Tel: +353 1 896 1675

Graduate profile


Patrick Kenny, Chief Physicist at the Mater Misericordiae University Hospital since 1998.

"I graduated from Trinity in 1982 with an honours degree in Experimental Physics. My Master degree (Physical Sciences in Medicine) is also from Trinity, and I hold a PhD in physics from UCD. At the Mater I am responsible for ensuring that medical physics support services provided by our 9 hospital physicists safe, high quality and cost-effective.

Coming from a basic rural background, my access to a university education was hindered by ignorance of university entrance requirements. Trinity was the only university in Ireland in which I could study my favourite school subject, physics, to degree level.

University learning is about much more than just attending lectures and passing exams (although that's quite important too!). It's about developing and testing skills required throughout life. The compact nature of Trinity's campus encouraged interactions and appreciation of people from diverse backgrounds.

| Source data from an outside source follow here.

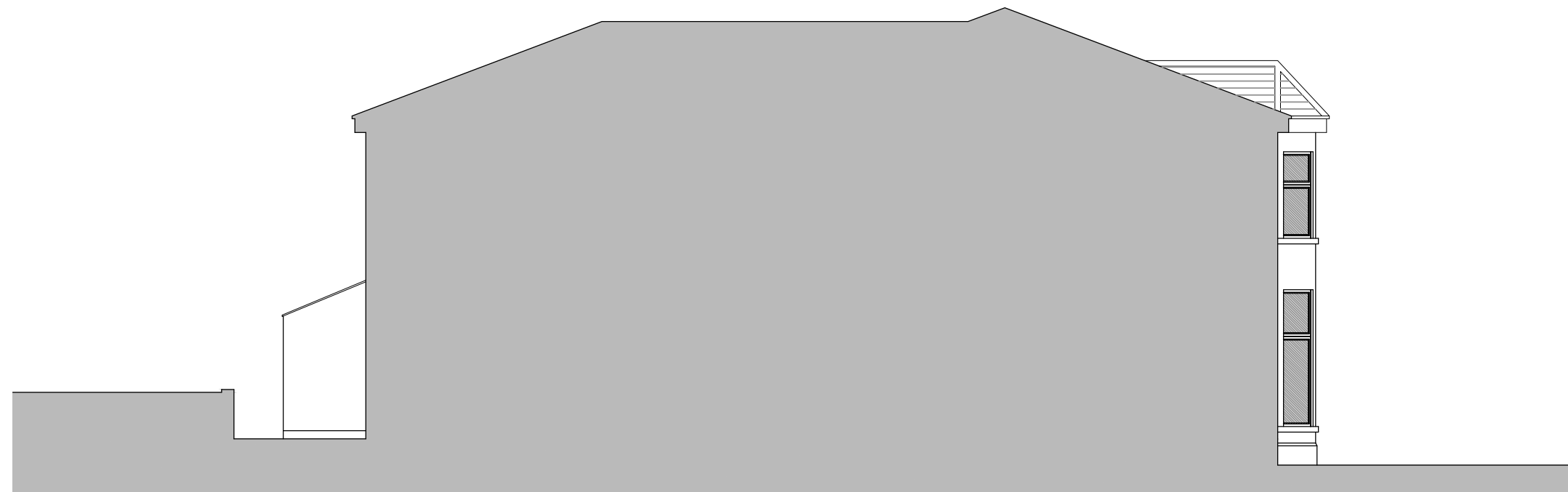
EXISTING SIDE ELEVATION 1:100 @ A3
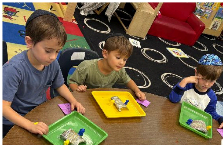
Pre1a learning position words
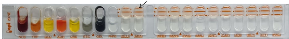
Appendix Figure 2. The biochemical profiles of the API 20NE system, including arabinose assimilation, identified isolate 2022DZh as B. thailandensis .

of a wound in the 61-year-old male patient. B) Colony morphology of B. thailandensis 2022DZh from the patient on a Columbia blood plate.
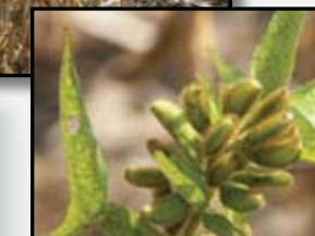
Bud Blight (via Tobacco Ringspot Virus)
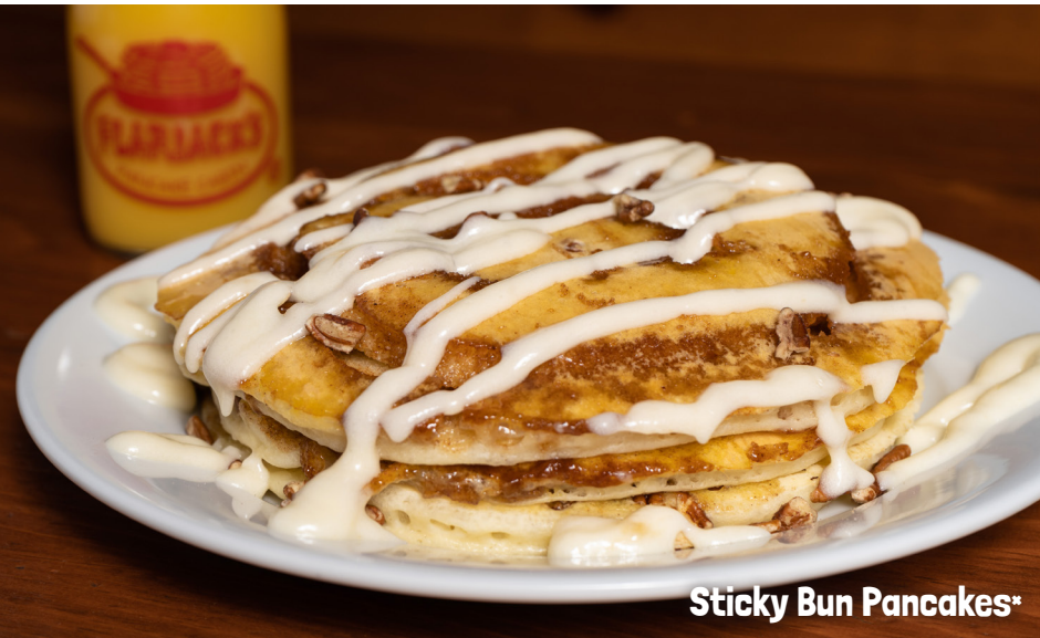
Sticky Bun Pancakes*

Nutella and Banana Pancakes ..... 10.99 Banana filled buttermilk pancakes topped with Nutella and fresh sliced bananas
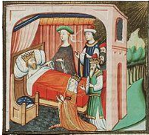
Abishag at the bed of David, with Bathsheba, Solomon, and Nathan (from a Dutch Bible circa 1435)

On the other hand, David's son, Adoniyah, showed himself to be willful, proud, disobedient, disrespectful of his father, and rebellious towards his authority. He doesn't even wait for his father's death before he exalts himself, saying, "I will be king!" 18
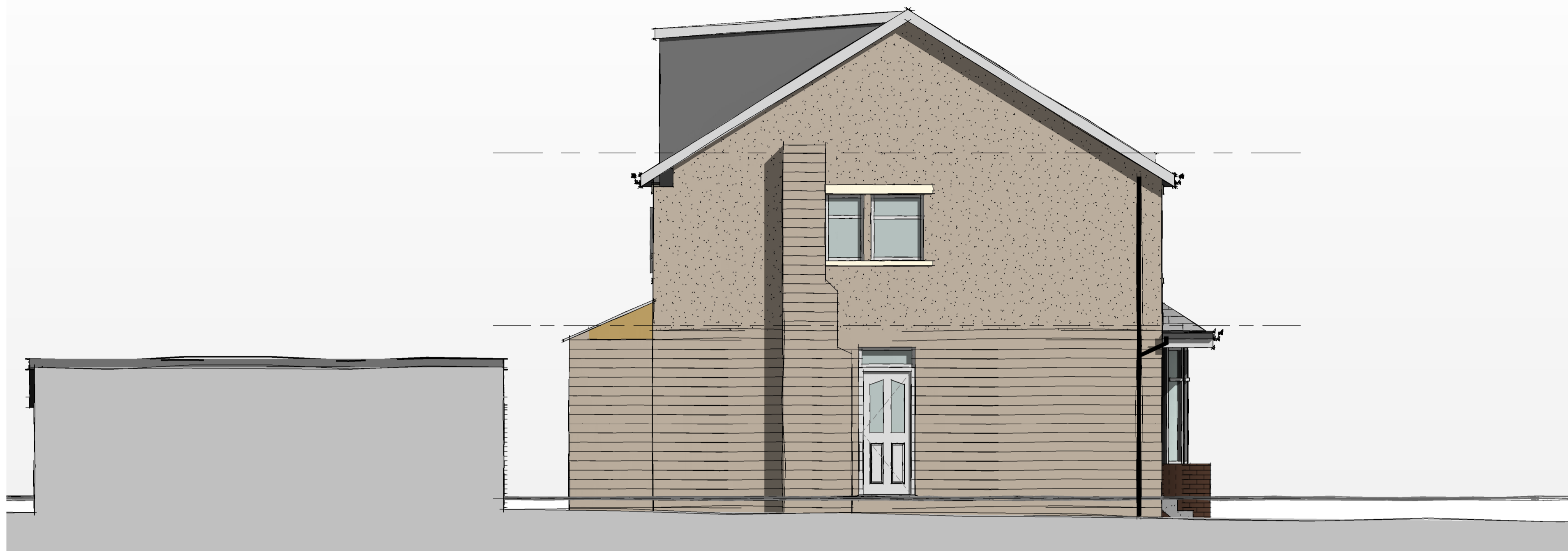
3 Existing Side (West) Elevations 1 : 50
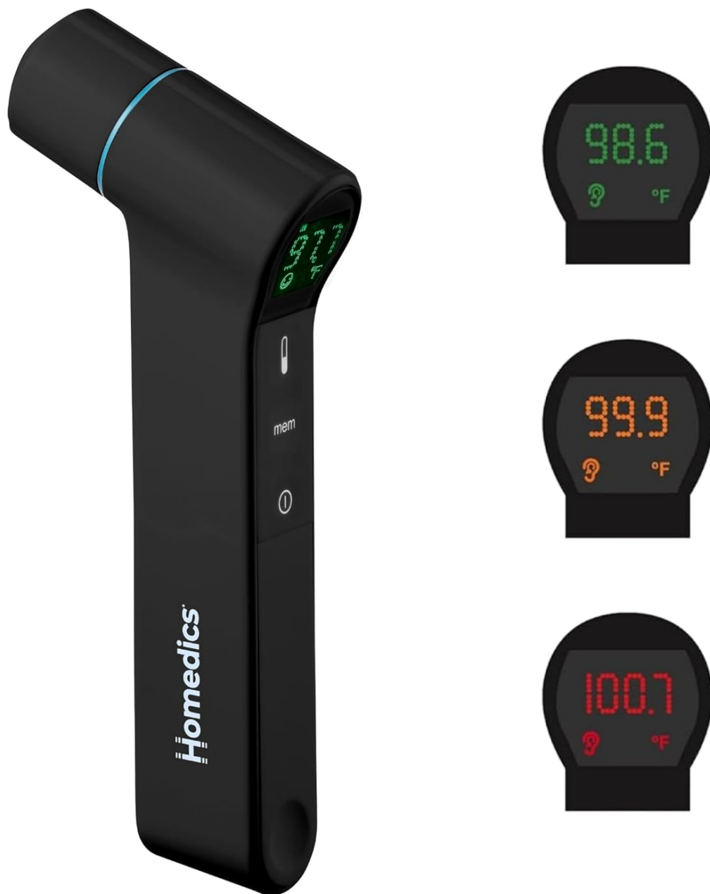
The HoMedics Dual-Use Ear and Forehead Thermometer, shown with its digital display indicating different temperature ranges via color coding (green for normal, orange for elevated, red for high fever).
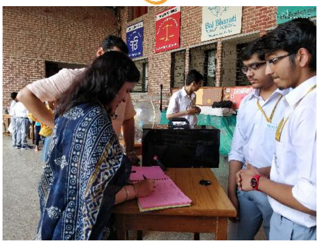
Parents gave feedback of the event
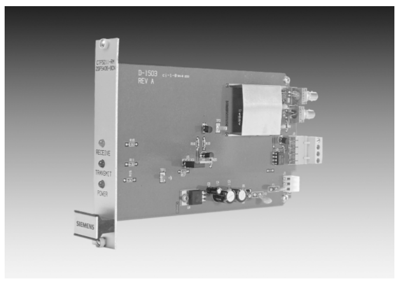
Fibre OpticTransmission System
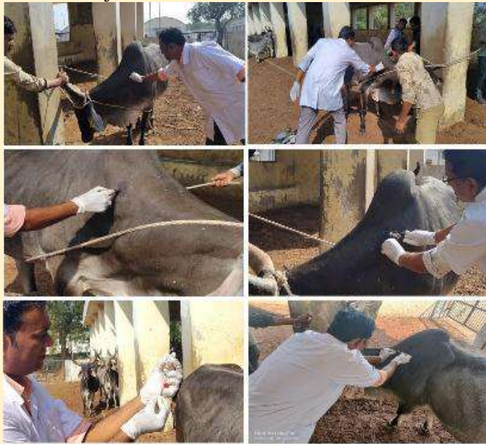
Active involvement of faculty members in TB & JD screening

The faculty members of Dept. of Veterinary Pathology, Veterinary Microbiology and Livestock Farm Complex were actively involved in TB, JD screening of farm animal at LFC, Bhuj.

At Trinity I studied hard and played hard - in my third year I was vice-captain of the Athletics Club.

My appreciation of the true value of my physics degree and the scientific problem-solving skills it imbues continues to grow. Modern Medicine involves many sophisticated physics applications for diagnosis and treatment of illness, e.g., CT x-ray machines. Basic physics principles learned at undergraduate level in Trinity are applied to understand and optimise such complex and potentially hazardous systems."